▶ [ASSIGNMENT] With the pictures removed, reproduce exactly the lines from the one that contains "The house can" through the last line of the entries below.

▶ [DATA TO PROCESS]
··········
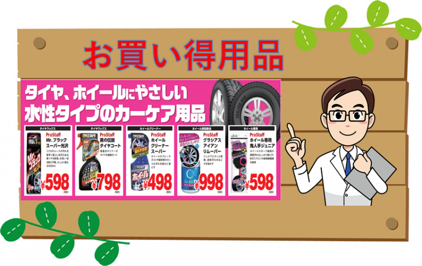タイヤ市場各店では、洗車の際ケミカル用品を取り扱っております。
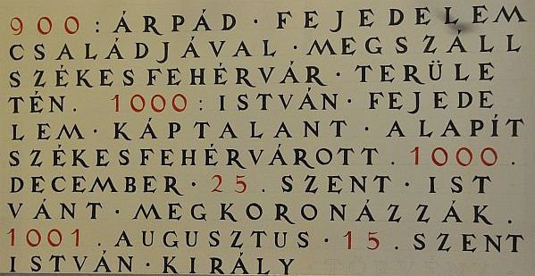 Hetvenöt évvel ezelőtti esemény elevenedik meg a Városháza nagytermében szombaton, hiszen 1938-ban az ünnepi év alkalmából a közgyűlési terem pulpitussal szemközti falát Székesfehérvár jelentős történelmi eseményeinek leírásával díszítették. A szöveg a koronázóváros történelmét követi végig 900-tól - amikor Árpád fejedelem családjával megszállt Székesfehérvár területén - egészen 1919-ig. A felirat időrendi sorrendben mintegy 60 évszámot és eseményt tartalmaz.
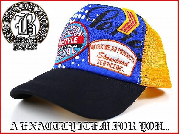 - ポイント10倍 帽子52青 アメカジ&お兄系ワッペン刺繍入りキャップ ギャルオ悪羅悪羅系 オラオラ系
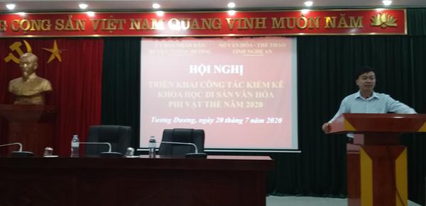Nằm trong chương trình công tác tháng 7 năm 2020 của Ban quản lý Di tích Nghệ An. Hôm nay, ngày 20/7/2020 Ban quản Lý Di tích Nghệ An phối hợp với UBND huyện Tương Dương, Phòng VHTT, Trung tâm VHTT-TT huyện Tương Dương cùng UBND 17 xã, thị trấn trên địa bàn huyện tổ chức hội nghị triển khai nhiệm vụ kiểm kê di sản văn hóa phi vật thể trên địa bàn theo nội dung Kế hoạch số 244/KH-UBND ngày 18/4/2018 của UBND tỉnh về kiểm kê di sản văn hóa phi vật thể trên địa bàn tỉnh Nghệ An giai đoạn 2018-2020.
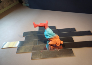 İnsanın insana yansımasının, ayna vazifesi olması halinin, yere döşenen ayna şeritleri üzerinde ‘Break Dance’ yapan genç heykeli ile bizlere sunulması bana çok çarpıcı geldi.
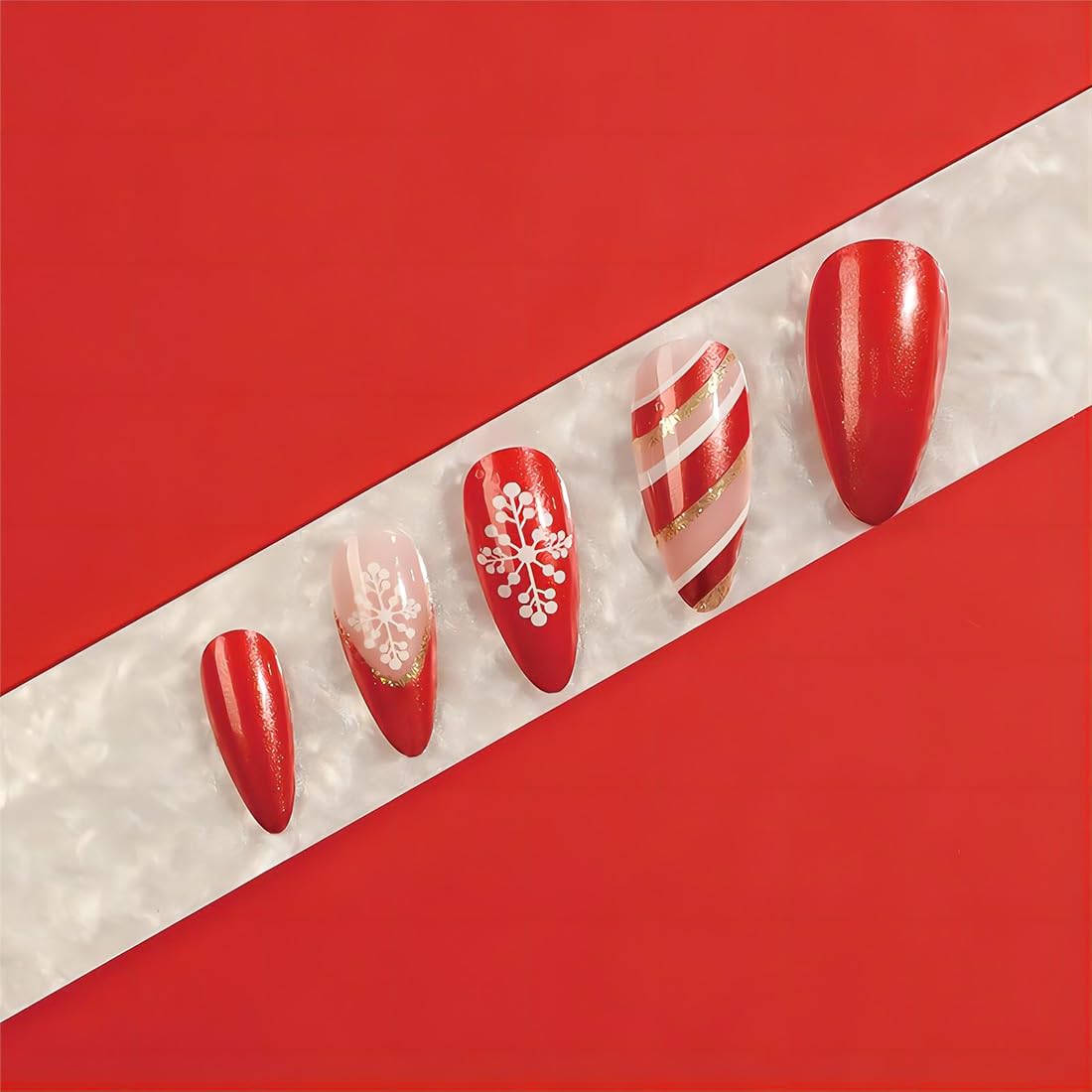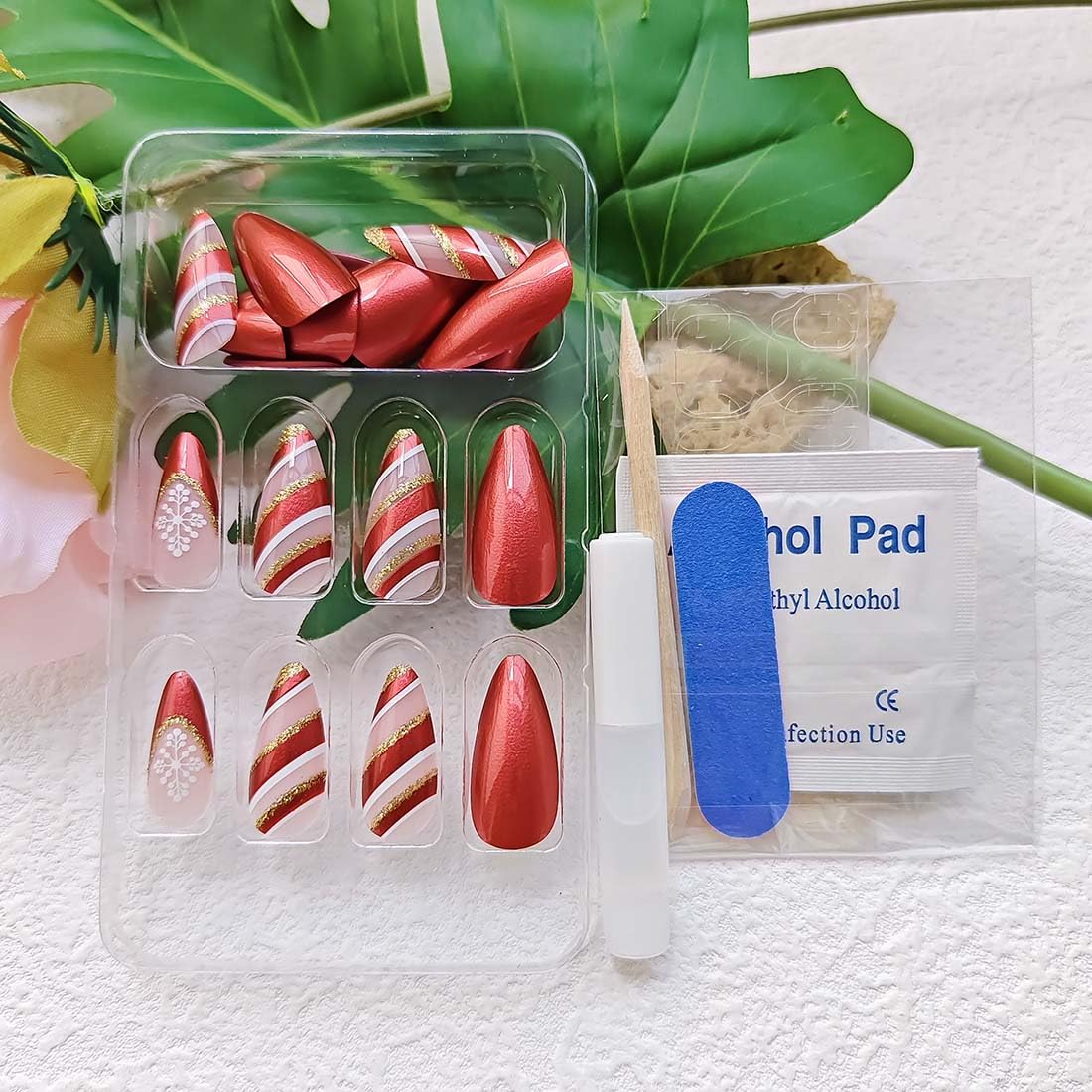 Uñas postizas a presión de Navidad, punta francesa, almendra roja, uñas postizas con pegamento, uñas postizas acrílicas con purpurina y diseños de copos de
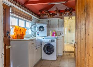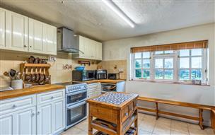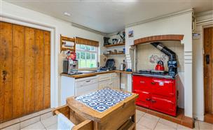 The house can currently be approached on foot either from the public highway via a traditional wrought iron gate with a pathway leading to the front door or via a garden path to the south of the property providing access into the utility room through to the kitchen. The kitchen is fitted with a range of units and features a gas-fired Aga. Adjoining the utility room is also a bathroom with shower.
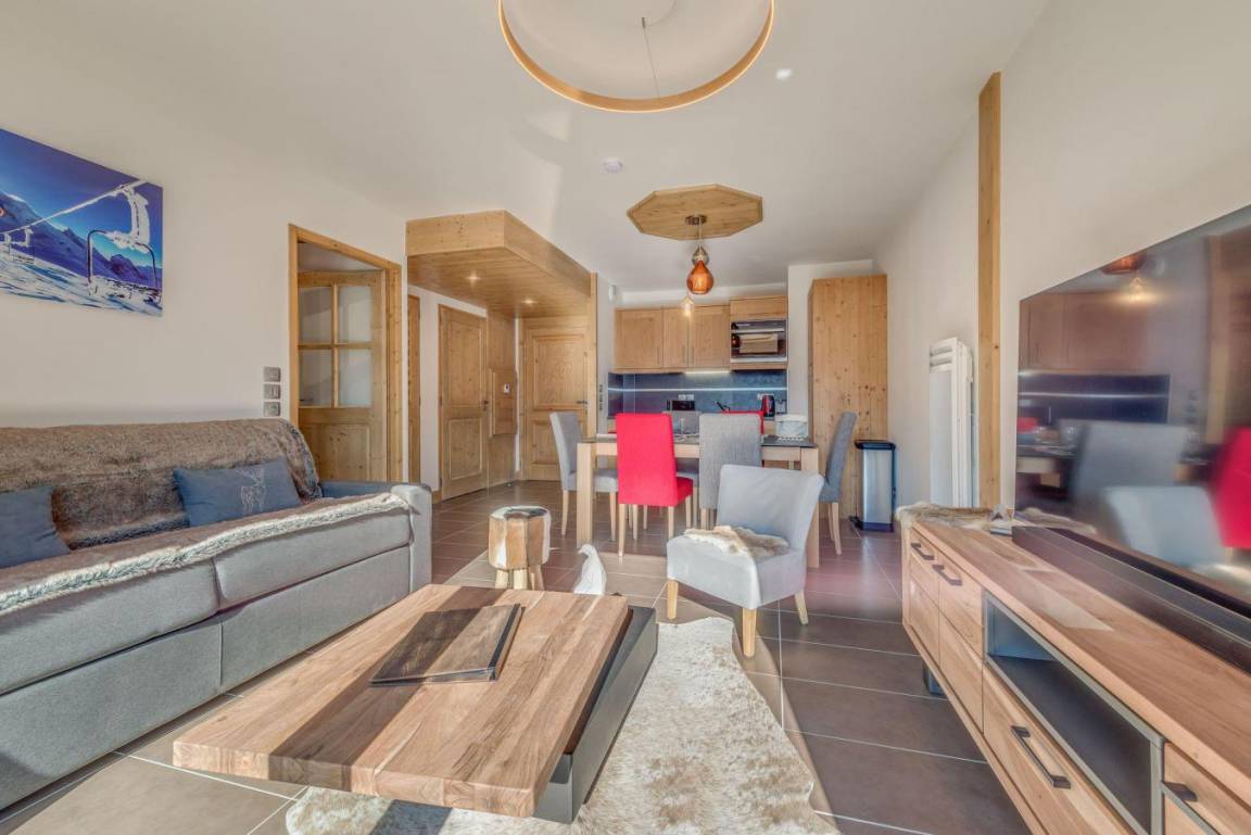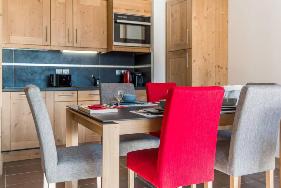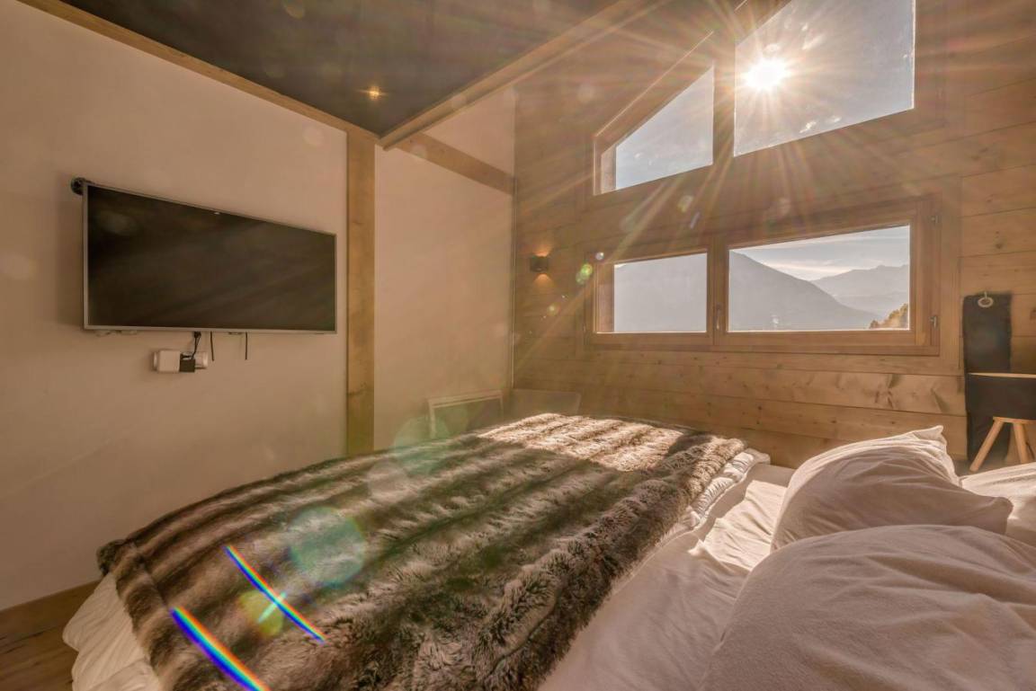 Fläche von ungefähr 47 m² enthält 6 m² unter 1,80 m. 14te Etage. Orientierung : Süd, West. Wohnzimmer mit Klappschlafcouch (160). Schlafzimmer mit Doppelbett (180). Zwischengeschoss mit 2 Einzelbetten. Kochnische mit Fonduegerät, Raclettegerät, Wasserkocher, Kaffeemaschine, kleiner Backofen mit Mikrowellenfunktion, Toaster, Waschmaschine, Geschirrspülmaschine, 2 Glaskeramikkochfelder, Kühl-Gefrier-Kombination. Waschräume mit Dusche, WC. Balkon mit Grillrost.
··········
▶ [SOLVED EXERCISE]
 The house can currently be approached on foot either from the public highway via a traditional wrought iron gate with a pathway leading to the front door or via a garden path to the south of the property providing access into the utility room through to the kitchen. The kitchen is fitted with a range of units and features a gas-fired Aga. Adjoining the utility room is also a bathroom with shower.
 Fläche von ungefähr 47 m² enthält 6 m² unter 1,80 m. 14te Etage. Orientierung : Süd, West. Wohnzimmer mit Klappschlafcouch (160). Schlafzimmer mit Doppelbett (180). Zwischengeschoss mit 2 Einzelbetten. Kochnische mit Fonduegerät, Raclettegerät, Wasserkocher, Kaffeemaschine, kleiner Backofen mit Mikrowellenfunktion, Toaster, Waschmaschine, Geschirrspülmaschine, 2 Glaskeramikkochfelder, Kühl-Gefrier-Kombination. Waschräume mit Dusche, WC. Balkon mit Grillrost.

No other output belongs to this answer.